Getting started with hypothesis-driven experimentation

January 4, 2021

Today marked the first day of work in 2021. Aside from Slack being down for a few hours, I’d say everything went well, and I finally applied something I had been learning about. 


The big task I had to get through was wrapping up the product requirement document (PRD) for an initiative I will be tackling. 


This initiative is not new but is rather a redesign. I have high-level goals for what needs to happen for this to be a success. 


But with that, I had both lots of ideas and lots of questions, making it hard to start. 


I did some research on how to approach this in the most experimental manner, given the limited resources and time I have to hit milestones that determine further investments. The answer: hypothesis-driven design. 

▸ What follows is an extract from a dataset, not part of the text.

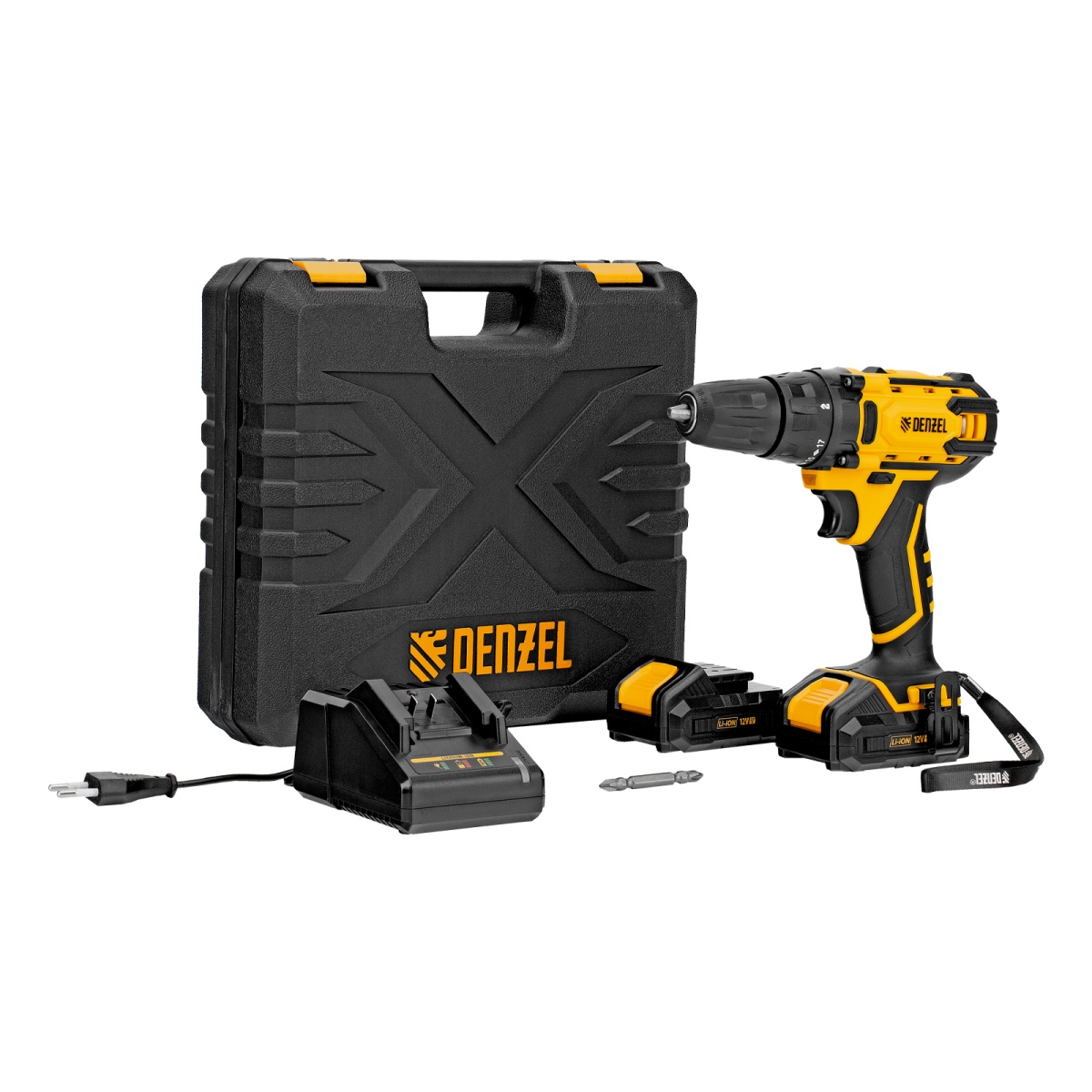 Аккумуляторная дрель-шуруповерт Denzel CDL-12-02BM 26105 с 2 батареями Li-Ion 12 В предназначена для монтажа и демонтажа резьбовых соединений, cверления отверстий в металле (до 10 мм), древесине (до 16 мм), пластмассе и других материалах. Инструмент пригодится профессионалам и любителям на строительной площадке, дома или на даче.Надежные литий-ионные аккумуляторы без эффекта памяти и защитой от глубокого разряда обеспечивают долгий срок службы инструмента. Дрель не зависит от сети питания, что делает удобной работу на строительных объектах, на высоте и в отдаленных участках дома.Преимущества17+1 ступень регулировки крутящего момента — вы с легкостью подберете оптимальное усилие затяжки под тип крепежа.Два режима вращения — можно настроить скорость в диапазоне 0-400 или 0-1450 об/мин для работы с резьбовыми крепежами и сверления отверстий.Мгновенное переключение между задачами — реверс позволяет быстро перейти от монтажа к демонтажу крепежных элементов.Подсветка рабочей зоны — решать поставленные задачи удобно даже в условиях плохой освещенности и в труднодоступных местах.Защита от перетягивания крепежа — благодаря тормозу выбега шпиндель моментально останавливается после выключения.Высокий ресурс — корпус из ударопрочного пластика и металлические шестерни редуктора обеспечивают долгий срок службы инструмента.Бесперебойная работа — в комплект поставки входит зарядное устройство и 2 аккумулятора с индикацией уровня заряда.Быстрая и безопасная зарядка — на восстановление работоспособности аккумулятора требуется всего 1 час, о завершении процесса свидетельствует зеленый цвет индикатора на зарядном устройстве.Быстрая смена оснастки — блокировка шпинделя и одномуфтовый патрон позволяют снимать и устанавливать биты и сверла одной рукой.Дополнительные возможности — инструмент можно закрепить на ремне или кармане при помощи специального крюка.Комфортная работа — прорезиненная рукоятка обеспечивает надежный хват и поглощает вибрации, снижая нагрузку на руки мастера.Удобное хранение и транспортировка — дрель-шуруповерт поставляется в надежном пластиковом кейсе.Гарантия 3 года — качество инструмента подтверждено производителем.

Step 1: Capture questions and assumptions

This is critical. Prior to sitting down and dumping all the assumptions and questions I had, I was already coming up with solutions. 


Ideation is easy, what isn’t is solving the right user problem. 


Step 2: Organize and prioritize 

All the questions and assumptions are captured, now you have to organize them and bucket them into groups that will make it really easy to review. 


Next, prioritize. My criteria think of the impact. What would be most valuable? 


Take into consideration I did this alone given the pod hasn’t come together yet. In the ideal scenario, you are organizing and prioritizing with your team. 

Step 3: Hypothesize 

This to me was the biggest novelty. How to write out the hypotheses for the questions that were prioritized. 


In hypothesis-driven experimentation, the hypothesis is the focal point and it’s what determines both the capability and the measurements required to either prove or disprove this. Remember that in growth both are successful outcomes. 


The hypothesis template looks like: 

  1. ‘We believe that…’: this is where you want to put in the informed guess of the user’s behavior. 
  2. ‘so if we …’:   is the action, it’s what we want or think the user is going to do. 
  3. ‘leading to …’ and finally, the expected result or measure of success. 


What you are doing here is basically combining the solution with a question, and the output is the hypothesis. 


What I found most helpful about this method is that you can clearly define the question and solution, while eliminating assumptions. 

Time to experiment

With that, I now move on to building out the experiments. I’ll follow-up with how I went about experiment formulation once I get to it. 

Takeaway

For me, the main benefit of approaching hypothesizing like this on a new surface area is that the team and cross-functional partner (or stakeholders) will understand the intent and we’ll put up some guardrails to keep us on track and not get lost in an implementation loop. 


Reframing the work something more discovery based gave more space to think instead of getting locked into solutions based on assumptions.